When I did "Muriel's Wedding," I didn't call myself an actor. I wanted to act and I couldn't believe that I got it, although when I got it -- it was the same with "Japanese Story," in fact probably more intense -- it was like a religious experience, it was like, I have to do this. They can't cast anyone else. I have to do it. Putting on the weight was just part of Muriel. I didn't think twice about it, you know.

Now, thinking about it, I think how fortunate I was, because the older you get, the harder it is to remain healthy. I was young enough to be able to put it on and then just take it off again, although it probably did mess with my metabolism for a while. I don't know whether I could do it again now. It was pretty extreme. But I certainly don't regret it. It was hard. I mean, it was very enjoyable at first and then having to maintain the weight was a chore, constantly eating, eating, eating.

It sounds dreamy to me.

But if you're forced to do it. I mean, yeah, the first month, you know, kicking back. As soon as I found out I had the role. I called one of my best friends [Daniel Wyllie] -- we both did our first film together, called "Spotswood," and he was also cast as Perry, my brother in "Muriel's Wedding" -- and he came and picked me up. We went to Chinatown and we feasted up and it was great fun, but then I was literally working every day and it was affecting my energy and I was coming home from work and not having dinner. I would just collapse I would be so tired and then I'd get up and get through the day just eating, eating, eating.

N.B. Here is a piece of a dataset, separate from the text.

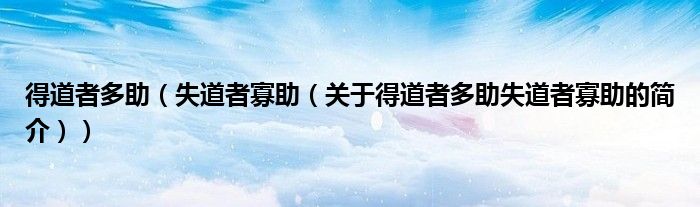 本文關(guān)于得道者多助 失道者寡助的簡介就講解完畢,希望對大家有所幫助。

Getting back to "Japanese Story" for one last question. Today's Sydney Morning Herald said it was a great mystery: "Why did Toni Collette put on the Japanese businessman's trousers before getting into bed with him? Do Japanese men require this dress code of Western women with whom they are having sex? Or was it simply a way to conceal pubic hair and get past Japan's censorship code?" Why did you put on the pants in the big love scene in "Japanese Story"?

I think that it was metaphoric in a couple of ways. It's the moment when these two people are finally opening up, not only to each other but to somebody in general, because they're quite closed. So it's like her stepping into his skin in a way. I also think that, because he's Japanese and it's such a traditional culture, he's used to women being subservient and she's so loud and forthright and seemingly aggressive and robust that for her to wear the pants is like literally she's wearing the pants. The other thing I thought of, which wasn't so apparent at the time, is that because it is the first time she's opening up to someone it's just a way of still having something hidden. It's scary to be so intimate.